**WHAT TO DO**
Once the pictures have been excluded, set down each remaining entry word for word.

•••

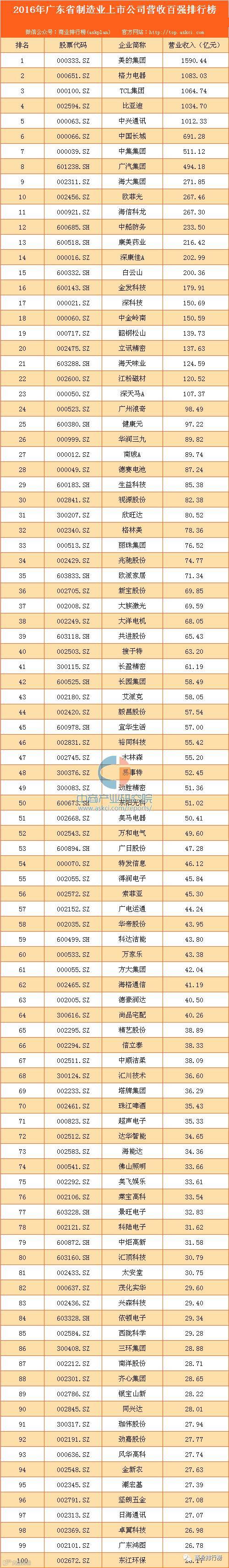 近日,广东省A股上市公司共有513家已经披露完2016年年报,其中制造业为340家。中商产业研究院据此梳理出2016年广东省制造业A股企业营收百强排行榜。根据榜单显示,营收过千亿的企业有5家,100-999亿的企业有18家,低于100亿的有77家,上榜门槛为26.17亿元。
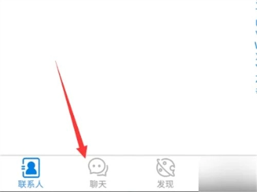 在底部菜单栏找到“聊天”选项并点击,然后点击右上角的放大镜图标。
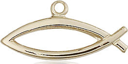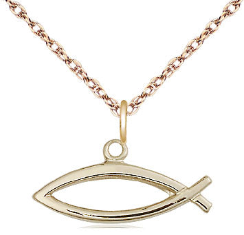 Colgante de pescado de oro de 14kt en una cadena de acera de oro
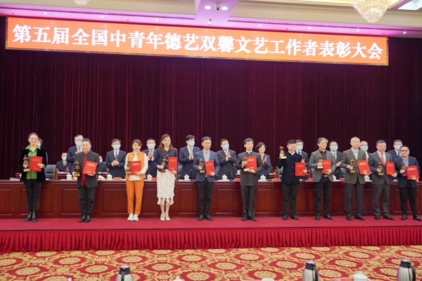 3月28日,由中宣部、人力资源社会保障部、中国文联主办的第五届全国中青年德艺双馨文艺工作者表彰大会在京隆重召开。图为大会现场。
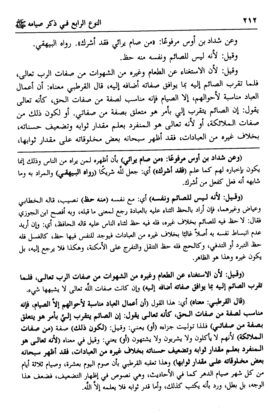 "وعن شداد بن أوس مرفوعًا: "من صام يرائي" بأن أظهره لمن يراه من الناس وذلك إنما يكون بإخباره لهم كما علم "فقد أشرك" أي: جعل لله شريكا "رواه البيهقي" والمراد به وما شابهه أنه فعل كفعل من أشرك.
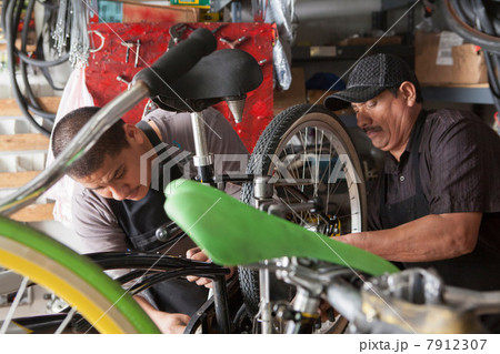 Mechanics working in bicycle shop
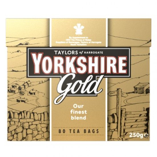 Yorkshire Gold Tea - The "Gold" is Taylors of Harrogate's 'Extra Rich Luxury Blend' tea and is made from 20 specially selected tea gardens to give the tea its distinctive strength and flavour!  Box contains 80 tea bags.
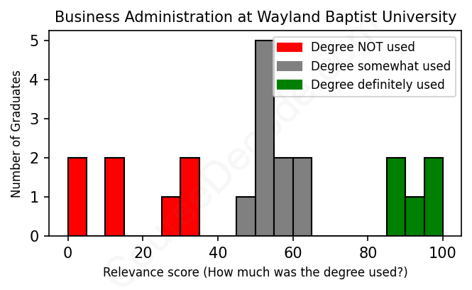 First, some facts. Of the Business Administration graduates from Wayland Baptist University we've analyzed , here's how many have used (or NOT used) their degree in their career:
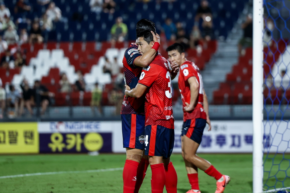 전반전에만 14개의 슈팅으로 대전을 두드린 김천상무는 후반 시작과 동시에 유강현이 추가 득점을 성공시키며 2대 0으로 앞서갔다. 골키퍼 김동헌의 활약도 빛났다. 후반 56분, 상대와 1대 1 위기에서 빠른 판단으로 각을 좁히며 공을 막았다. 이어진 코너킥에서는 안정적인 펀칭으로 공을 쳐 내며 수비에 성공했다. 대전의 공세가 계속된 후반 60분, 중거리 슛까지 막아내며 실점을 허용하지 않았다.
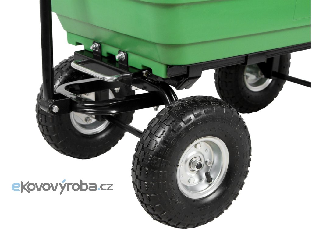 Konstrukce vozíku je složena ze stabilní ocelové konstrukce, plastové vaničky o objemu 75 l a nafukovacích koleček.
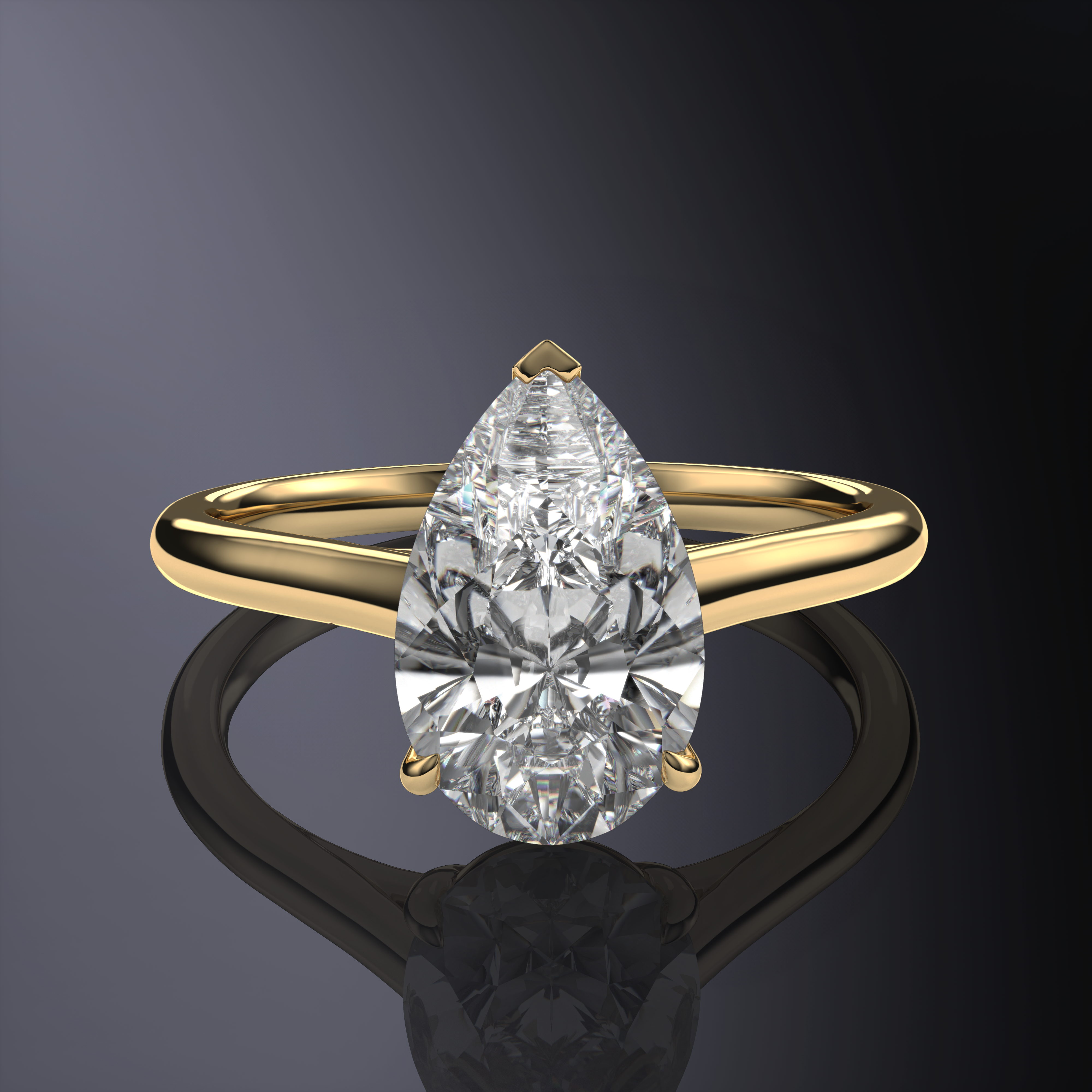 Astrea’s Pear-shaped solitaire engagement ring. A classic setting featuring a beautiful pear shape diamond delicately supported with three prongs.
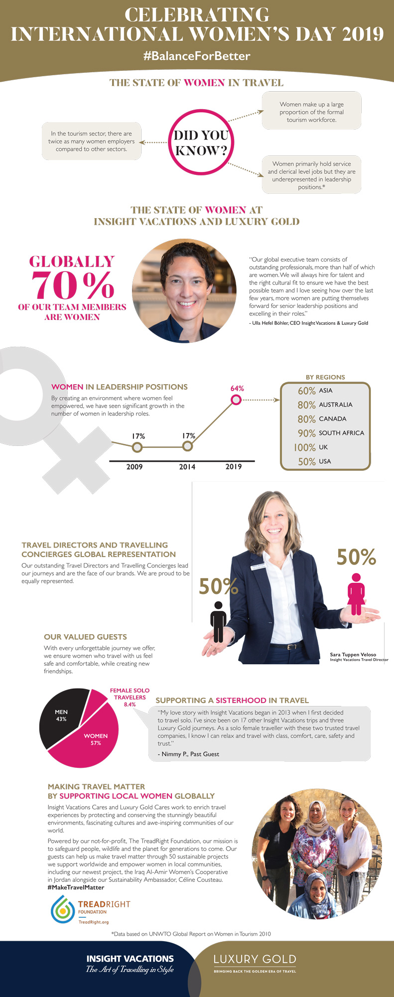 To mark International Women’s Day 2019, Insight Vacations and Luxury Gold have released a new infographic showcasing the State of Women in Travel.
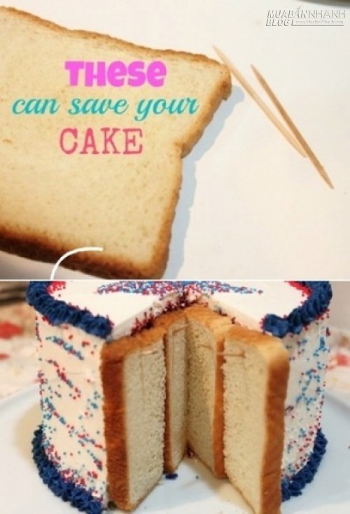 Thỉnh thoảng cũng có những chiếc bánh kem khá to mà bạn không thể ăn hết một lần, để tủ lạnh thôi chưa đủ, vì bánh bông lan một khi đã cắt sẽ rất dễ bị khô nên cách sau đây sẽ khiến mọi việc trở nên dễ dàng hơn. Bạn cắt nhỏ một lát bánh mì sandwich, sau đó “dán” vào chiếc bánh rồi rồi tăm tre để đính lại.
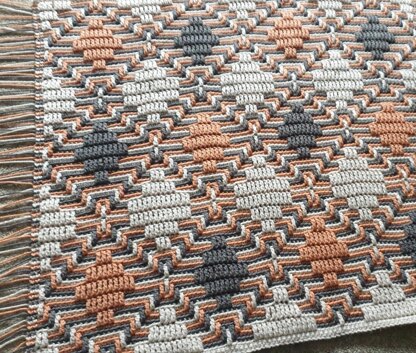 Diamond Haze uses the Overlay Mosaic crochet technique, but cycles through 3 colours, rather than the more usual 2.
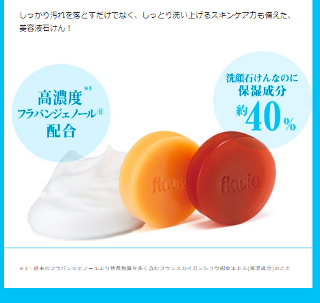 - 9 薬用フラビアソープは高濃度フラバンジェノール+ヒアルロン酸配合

•••

**SOLVED PROBLEM**
 近日,广东省A股上市公司共有513家已经披露完2016年年报,其中制造业为340家。中商产业研究院据此梳理出2016年广东省制造业A股企业营收百强排行榜。根据榜单显示,营收过千亿的企业有5家,100-999亿的企业有18家,低于100亿的有77家,上榜门槛为26.17亿元。
 在底部菜单栏找到“聊天”选项并点击,然后点击右上角的放大镜图标。
 Colgante de pescado de oro de 14kt en una cadena de acera de oro
 3月28日,由中宣部、人力资源社会保障部、中国文联主办的第五届全国中青年德艺双馨文艺工作者表彰大会在京隆重召开。图为大会现场。
 "وعن شداد بن أوس مرفوعًا: "من صام يرائي" بأن أظهره لمن يراه من الناس وذلك إنما يكون بإخباره لهم كما علم "فقد أشرك" أي: جعل لله شريكا "رواه البيهقي" والمراد به وما شابهه أنه فعل كفعل من أشرك.
 Mechanics working in bicycle shop
 Yorkshire Gold Tea - The "Gold" is Taylors of Harrogate's 'Extra Rich Luxury Blend' tea and is made from 20 specially selected tea gardens to give the tea its distinctive strength and flavour!  Box contains 80 tea bags.
 First, some facts. Of the Business Administration graduates from Wayland Baptist University we've analyzed , here's how many have used (or NOT used) their degree in their career:
 전반전에만 14개의 슈팅으로 대전을 두드린 김천상무는 후반 시작과 동시에 유강현이 추가 득점을 성공시키며 2대 0으로 앞서갔다. 골키퍼 김동헌의 활약도 빛났다. 후반 56분, 상대와 1대 1 위기에서 빠른 판단으로 각을 좁히며 공을 막았다. 이어진 코너킥에서는 안정적인 펀칭으로 공을 쳐 내며 수비에 성공했다. 대전의 공세가 계속된 후반 60분, 중거리 슛까지 막아내며 실점을 허용하지 않았다.
 Konstrukce vozíku je složena ze stabilní ocelové konstrukce, plastové vaničky o objemu 75 l a nafukovacích koleček.
 Astrea’s Pear-shaped solitaire engagement ring. A classic setting featuring a beautiful pear shape diamond delicately supported with three prongs.
 To mark International Women’s Day 2019, Insight Vacations and Luxury Gold have released a new infographic showcasing the State of Women in Travel.
 Thỉnh thoảng cũng có những chiếc bánh kem khá to mà bạn không thể ăn hết một lần, để tủ lạnh thôi chưa đủ, vì bánh bông lan một khi đã cắt sẽ rất dễ bị khô nên cách sau đây sẽ khiến mọi việc trở nên dễ dàng hơn. Bạn cắt nhỏ một lát bánh mì sandwich, sau đó “dán” vào chiếc bánh rồi rồi tăm tre để đính lại.
 Diamond Haze uses the Overlay Mosaic crochet technique, but cycles through 3 colours, rather than the more usual 2.
 - 9 薬用フラビアソープは高濃度フラバンジェノール+ヒアルロン酸配合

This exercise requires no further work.